From May 2011, the amended Criminal Law criminalizes bribery of foreign government officials and officials of international public organizations. It also regulates the use of gift cards to curb money laundering, illegal cash withdrawals, tax evasion and bribery.
The current solution largely focuses on punishment instead of prevention -- "Kill the chicken to scare the monkey," as the Chinese put it. Execute one and deter 100.
Prevention, experts say, is better than investigation and punishment.
In a recent meeting, Wang said "trust can never replace supervision." He is now calling for "institutional prevention and punishment of corruption."
Wang recently summoned eight experts to solicit ideas. Most advocated a system of requiring party officials to disclose their assets.
In fact, the notion of public disclosure of official's assets was proposed some 18 years ago.

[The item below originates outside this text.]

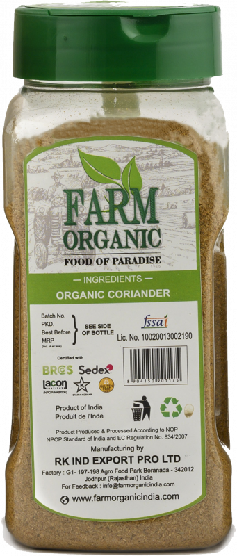 B FARM ORGANIC - Organic Coriander Powder - 210 GMS - PET JAR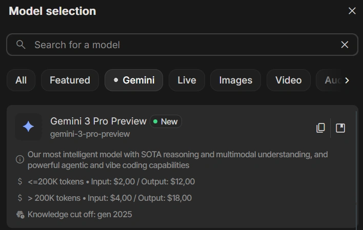 La disponibilità inizia da Google AI Studio, come accade spesso per le preview di Google, prima di estendersi ad altri servizi su Gemini. In parallelo, il modello appare anche su Vertex AI e in tool come Gemini CLI. Gemini 3 Pro Preview supporta input multimodali; testo, immagini, video e audio e mantiene una finestra di contesto da 1 milione di token.

Wang Quanjie (no relation to Politburo member Wang Qishan), then a delegate to the National People's Congress, China's legislature, submitted three bills proposing the idea in 1994,
"Public disclosure of property in China is really difficult, and it's especially difficult to make it a system. Our goal is to establish a system, not just punish some people," he said in December .
He Jiahong, a professor at Renmin University and an expert on corruption, proposes a form of amnesty that will give officials until the end of 2013 to declare their assets publicly. Those who do so will be exempted from punishment for any acts of corruption.

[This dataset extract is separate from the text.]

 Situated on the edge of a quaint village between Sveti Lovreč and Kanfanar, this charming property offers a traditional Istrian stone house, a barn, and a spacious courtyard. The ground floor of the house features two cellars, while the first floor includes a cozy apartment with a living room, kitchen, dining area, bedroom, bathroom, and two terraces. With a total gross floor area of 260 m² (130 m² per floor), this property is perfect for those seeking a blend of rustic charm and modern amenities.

Hong Kong's government adopted a similar move in 1977 to root out mafia-related corruption in what was then a colonial state.
Wang supports the idea but agrees that persuading officials to come clean will be next to impossible.
In fact, about one million officials of certain rank are already required to report their assets -- but only internally.
"After the declarations are made, they are kept in a black box, and they become scrap of paper," He of Renmin University complained.
Wang, the delegate, says the key is making asset declarations accessible to the public. "If the common people cannot find out their assets, if nobody except themselves knows the truth, it cannot solve the problem."
"It's like asking the left hand to supervise the right hand, or asking the mother to supervise her son," he added. "It's impossible for the mother to send the son to the police when he commits the crime."
Eighteen years after Wang first proposed his "sunshine policy," it still remains on the drawing board.
Small wonder many Chinese doubt the government's sincerity in fighting corruption.
Bloggers point out that, by contrast, the legislature took only a few days to deliberate and pass a new law that requires Internet users to register under their real names.
The new law is meant to crack down on Internet scams and junk mail and "protect the public from baseless and libelous accusations."
But critics say it will merely blunt the power of the microblogging site Weibo, which whistleblowers use to expose cases under pseudonyms without fear of retribution or punishment.
In the absence of the "sunshine law," muckraking Chinese turn to the Internet to expose official abuse.
Despite heavy government restrictions and self-censorship, internet activists have cleverly used Weibo to spot and expose corrupt officials.
China now has over 400 million Weibo users, and microblogs have become "an inescapable snare for corrupt officials," according to the official Xinhua News Agency. "The miraculous microblogs have become the nightmare of the corrupted."